Today, the U.S. imports about 11,000 tons annually of fresh and frozen Chilean sea bass, which has meaty white flesh and is high in heart-healthy Omega-3 fatty acids.
But although the Chilean sea bass moniker stuck, the name for this predatory, deep-sea fish hasn't been accepted by federal agencies, including the Commerce Department's National Fisheries Service. On a Chilean Sea Bass fact sheet, it notes that the Patagonian toothfish "is not really a bass and is not always caught in Chilean waters," and is a different species than sea bass in this country. Much of it comes from Antarctic waters -- where it's technically the Antarctic toothfish -- and is then frozen and shipped.

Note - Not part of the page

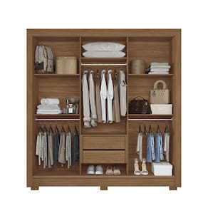 Caracteristicas Estrutura: MDP 12mm Acabamento: Pintura UV Quantidade e Tipo de Portas: 3 de correr Tipo de Dobradicas/Trilhos: Dobradicas Metalicas Simples Quantidade de Gavetas: 2 Tipo de Corredicas: Telescopicas Tipo de Puxadores: MDF revestido Quantidade e Tipo de Cabideiros: 3 em Aluminio Quantidade de Prateleiras: 5 Suporte ate: 8kg na prateleira e 3kg por gaveta. Manutencao: Nao limpar com alcool ou qualquer outro produto quimico, utilize somente pano seco ou levemente umedecido. Sistema de Montagem: Cavilhas, Parafusos e Minifix Itens Inclusos: 1 Guarda-Roupa, Kit ferragens e Manual de montagem Espelho: -530x510mm- 3 unidades Garantia de Fabrica: 3 meses

This deep-sea perch, characterized by rough scales and red skin that turns bright orange once it's caught, goes by the scientific name Hoplostethus atlanticus.
Originally named slimehead after it was discovered in 1957 off the coast of New Zealand, it didn't have many fans. But after a 1979 name change to orange roughy, it became popular -- so much so that several marine conservation groups now have categorized it as vulnerable to overfishing.
By various accounts, including that of the Monterey Bay Aquarium, members of this species live 100 years or more.
By the time this slow-grower is caught in cold, deep waters, the fish often is 30 or more years old. And it's a late-bloomer socially; it doesn't start reproducing until it's 30.
Speaking of fish, there's currently another re-naming effort afoot. Great Lakes states including Illinois are hoping a name change will drive a market for the Asian carp, a non-native species introduced by catfish farmers in the Mississippi River basin to control algae growth. But the fish escaped, and as of late they have invaded the Illinois River and threaten the Great Lakes.